= Beginning of Section =

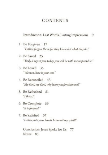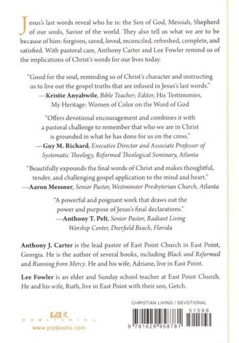 Anthony Carter and Lee Fowler take a brief, devotional look at each of our Savior's nal seven sayings on the cross. These words reveal who Jesus is: the Son of God, Messiah, Shepherd of our souls, Savior of the world. They also tell us who we are to be because of him:forgiven, saved, loved, reconciled, refreshed, complete, and satisfied. The work and words of Christ accomplish and announce the good news of salvation by grace-our response is the joy of living and loving in light of that good news. With pastoral care, Carter and Fowler remind us of the moving drama of our salvation and the implications of Christ's words for our lives today.
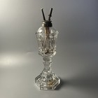 Antique Sandwich glass lamp whale oil kerosene brass collar 19th century square
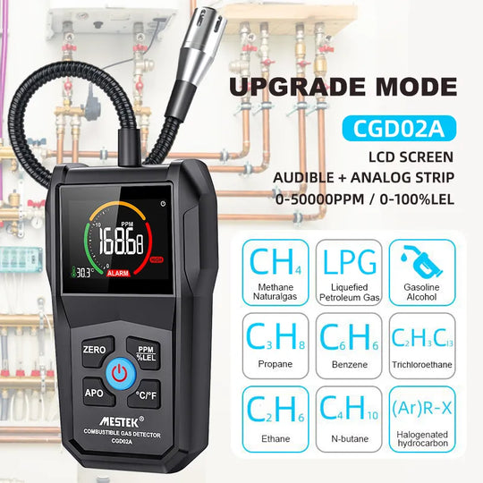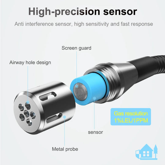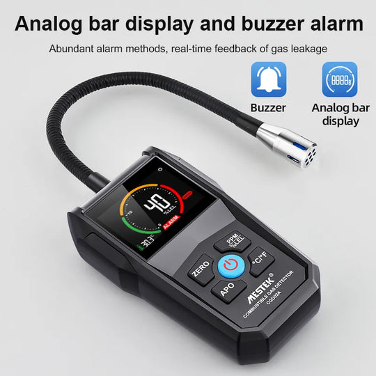 Gas Leak Detector Flammable Natural Gas Detector Combustible Methane LPG Alcohol Analyzer PPM LEL Buzzer Alarm with Flex Probe
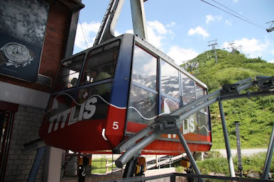 Enfrentando uma temperatura de mais de 30 graus (Suiça Tropical?) visitar a montanha Titlis foi uma experiência extraordinária, resgatou uma Suiça, cujas montanhas (nos Alpes) eternamente cobertas de neve fazem parte da identidade da paisagem. A Montanha Titlis, tem uma altura de 3,238 m e um sistema de teleféricos mais antigo porém eficiente. Para chegar lá no topo, você sobe em 3 estágios – até mil e pouco metros de altura, em "vagões" menores (até 4 pessoas), depois você faz conexão com outro – maior – que é o ônibus até mais ou dois mil e pouco e, finalmente, pega a cabine circular giratória que vai até o topo. Lá em cima, tinha neve sim – viva!
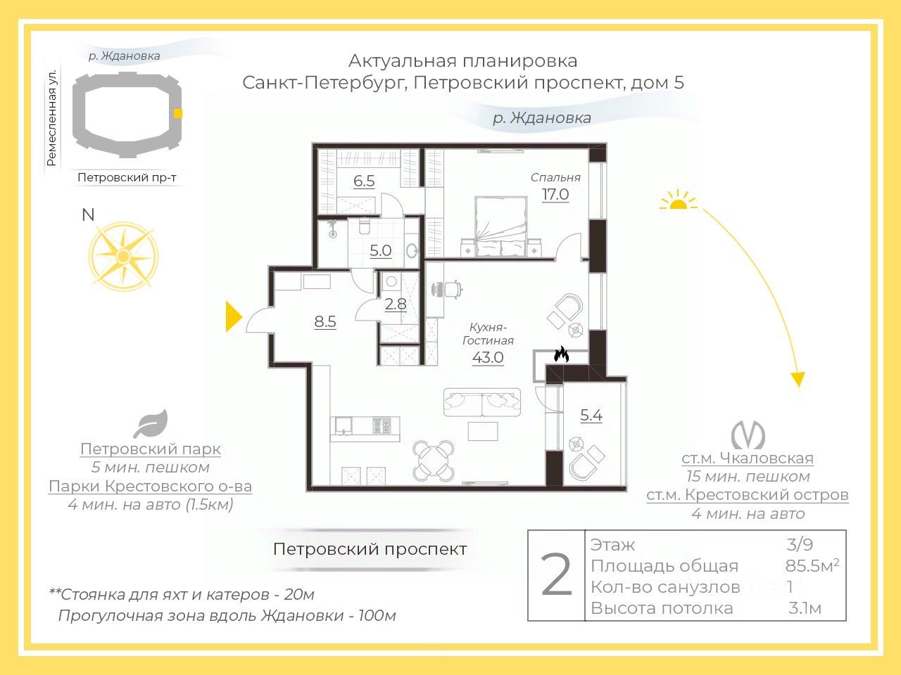 Жилой комплекс расположен в начале острова, что позволяет миновать пробки. У дома собственная набережная, рядом сквер и пруд для прогулок. Закрытый двор с красивым ландшафтом. Метро в пешей доступности.
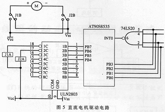 直流电机驱动电路的硬件结构如图5所示。本控制仪的执行机构是两个直流电机。用于控制前后风门的开启量。两个直流电机的驱动电路完全相同,图5中仅给出了一路驱动电路的示意。直流电机的驱动由八路功率驱动芯片ULN2803A和微型继电器实现。AT90S8535 PB口的高四位通过ULN2803A中的四路分别控制两个直流电机的正反转。前后风门各加两个起保护作用的限位开关,四个门限信号通过74LS20送到外中断0,同时分别和AT90S8535的PB口低四位连接,一旦有门限信号产生,中断服务程序则扫描PB口低四位,确定信号位置后立刻关断相应的电机。

= End of Section =

■ Task goal:
Set down the records again exactly as they appear, leaving each picture behind.

■ Solution to the problem:
 Anthony Carter and Lee Fowler take a brief, devotional look at each of our Savior's nal seven sayings on the cross. These words reveal who Jesus is: the Son of God, Messiah, Shepherd of our souls, Savior of the world. They also tell us who we are to be because of him:forgiven, saved, loved, reconciled, refreshed, complete, and satisfied. The work and words of Christ accomplish and announce the good news of salvation by grace-our response is the joy of living and loving in light of that good news. With pastoral care, Carter and Fowler remind us of the moving drama of our salvation and the implications of Christ's words for our lives today.
 Antique Sandwich glass lamp whale oil kerosene brass collar 19th century square
 Gas Leak Detector Flammable Natural Gas Detector Combustible Methane LPG Alcohol Analyzer PPM LEL Buzzer Alarm with Flex Probe
 Enfrentando uma temperatura de mais de 30 graus (Suiça Tropical?) visitar a montanha Titlis foi uma experiência extraordinária, resgatou uma Suiça, cujas montanhas (nos Alpes) eternamente cobertas de neve fazem parte da identidade da paisagem. A Montanha Titlis, tem uma altura de 3,238 m e um sistema de teleféricos mais antigo porém eficiente. Para chegar lá no topo, você sobe em 3 estágios – até mil e pouco metros de altura, em "vagões" menores (até 4 pessoas), depois você faz conexão com outro – maior – que é o ônibus até mais ou dois mil e pouco e, finalmente, pega a cabine circular giratória que vai até o topo. Lá em cima, tinha neve sim – viva!
 Жилой комплекс расположен в начале острова, что позволяет миновать пробки. У дома собственная набережная, рядом сквер и пруд для прогулок. Закрытый двор с красивым ландшафтом. Метро в пешей доступности.
 直流电机驱动电路的硬件结构如图5所示。本控制仪的执行机构是两个直流电机。用于控制前后风门的开启量。两个直流电机的驱动电路完全相同,图5中仅给出了一路驱动电路的示意。直流电机的驱动由八路功率驱动芯片ULN2803A和微型继电器实现。AT90S8535 PB口的高四位通过ULN2803A中的四路分别控制两个直流电机的正反转。前后风门各加两个起保护作用的限位开关,四个门限信号通过74LS20送到外中断0,同时分别和AT90S8535的PB口低四位连接,一旦有门限信号产生,中断服务程序则扫描PB口低四位,确定信号位置后立刻关断相应的电机。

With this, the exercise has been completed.